A review by yarnylibrarian
My Own Country: A Doctor's Story by Abraham Verghese

3.0

I picked this up after reading Cutting for Stone (twice) and seeing this TED Talk by Abraham Verghese: http://www.ted.com/talks/abraham_verghese_a_doctor_s_touch.html

I was absolutely gripped by this memoir of Verghese's early years of medical training (which are recalled in the characters of Marion Stone and his New York colleagues) and the early years of the U.S. AIDS outbreak. I lived through those years myself, but as a young teenager with only a cursory awareness of "the plague." My initial contact with an infected person came later, in college. And fortunately, the medical scenario (at least here in the U.S.) has changed hugely since then.

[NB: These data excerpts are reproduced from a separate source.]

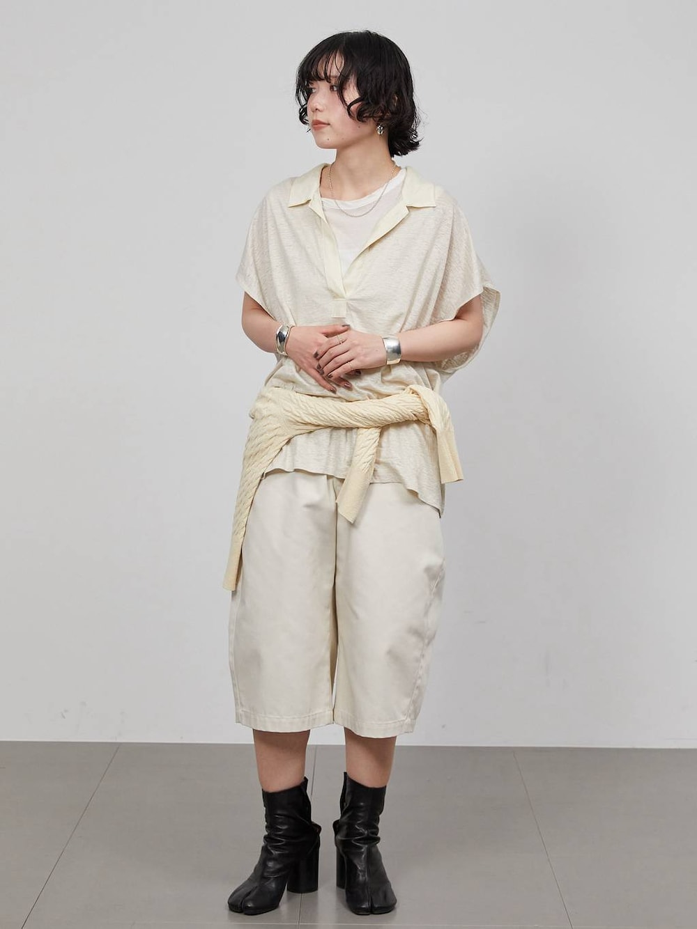 【トップス】 リネン100%で仕立てたボクシーポロTシャツ リネン特有の風合いと、程よい透け感。 滑らかな肌触りに加え、洗いを施すことであえてクタッとした表情に。 シンプルながらも、抜け感のある一枚 【ボトムス】 カーブシルエットが印象的な大人のハーフパンツ チノパンのようなハリ感のある生地で足のシルエットが出ず立体的なフォルムに。 ウエストからやや落として履くと、ふくらはぎの下あたりの着丈でした。 WEAR : @clshino Instagram :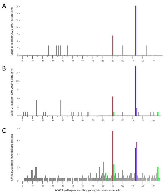 ACVRL1 missense variants in three essentially independent series, plotted as percentage of total ACVRL1 missense variants per series. Individual variants are numbered from 5′ to 3′ and detailed in Supplementary Table S1, annotated by NM_000020.3 [88]. (A) Series 1: Hammersmith/Imperial database, 2021–2023. (B) Series 2: Hammersmith/Imperial database, 1992–2020. (C) Series 3: HHT Mutation Database, 2018, as reported in Reference [71]. The three most common variants are highlighted in red (ACVRL1 c.1120C>T, p.(Arg374Trp), blue (ACVRL1 c.1231C>T, p.(Arg411Trp), and purple (ACVRL1 c.1232G>A, p.(Arg411Gln). Also highlighted in green are the other cell surface-expressed, BMP9-binding but kinase-dead variants in the series (ACVRL1 c.1039G>C, p.(Arg347Pro); ACVRL1 c.1121G>A, p.(Arg374Trp); and ACVRL1 c.1450C>T, p.(Arg484Trp)).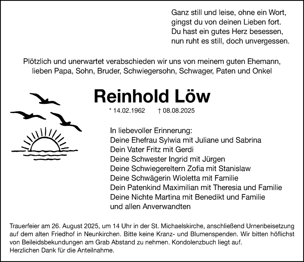 Hier finden Sie alle Traueranzeigen aus der Zeitung, die bisher für Reinhold Löw erschienen sind. Weitere Traueranzeigen, die in der Zeitung erscheinen, werden hier ebenfalls aufgelistet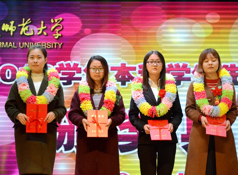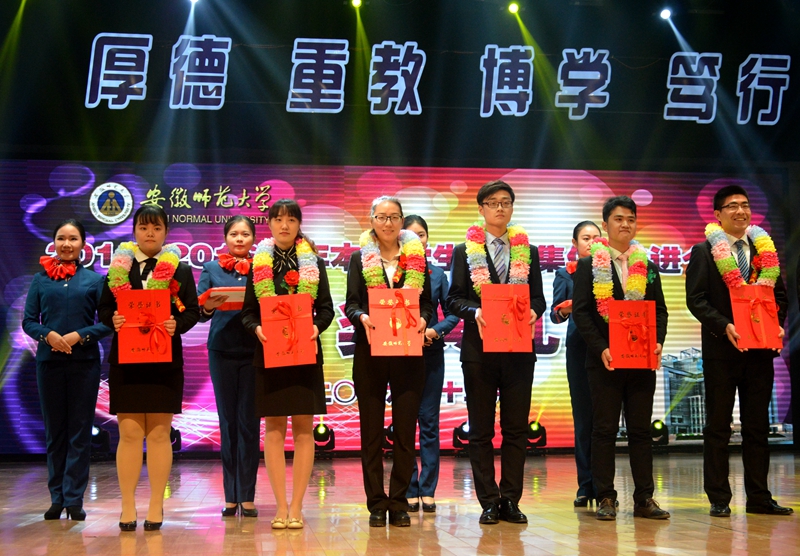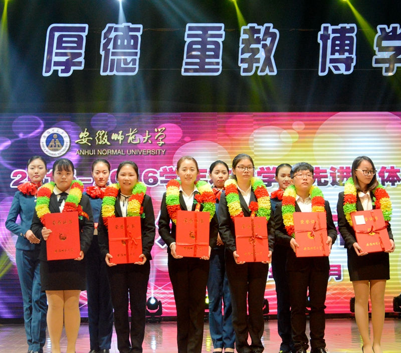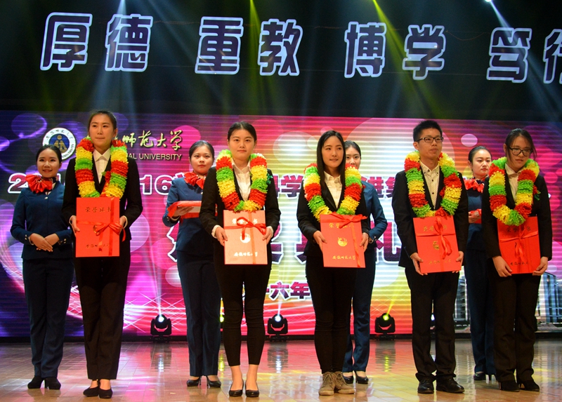 典礼激发了永利学生先进集体、先进个人的荣誉感和自信心、自豪感,激发了全院学生努力学习、奋力拼搏、励志成长的责任心、成才志和报国情。多年来,生科学子以优异的成绩连续在学校先进集体、先进个人年度表彰中获得骄人荣耀,其中,2012—2013学年获9批次表彰(11批次颁奖),2013—2014学年获9批次表彰(9批次颁奖),2014—2015学年获9批次表彰(10批次颁奖)。可喜的是,永利学子“全国十佳大学生提名奖”和“中国大学生自强之星提名奖” 获得者,“师大骄子”十佳大学生、校第五届大学生自强之星朱承节应邀作为嘉宾在颁奖典礼上宣读获奖名单。2016年,学院以总分第一的成绩获学校“就业工作先进学院标兵”荣誉,院长吴孝兵代表获奖单位在颁奖典礼上发言。

Verghese has a gift for telling people's stories, and there are many, many patient stories here. His approach to healing is holistic, so he takes time to learn a lot about his patients' personal lives. The patient stories bump along under a much wider arc of Verghese's story as a developing physician.

Toward the end, I was weary of the patient stories, which mostly end in horrific, wrenching deaths. But I don't begrudge the reading experience for a moment. It was true to life. I can see that Verghese is finding his narrative voice in this book (published in 1994). I eagerly await his next narrative synthesis!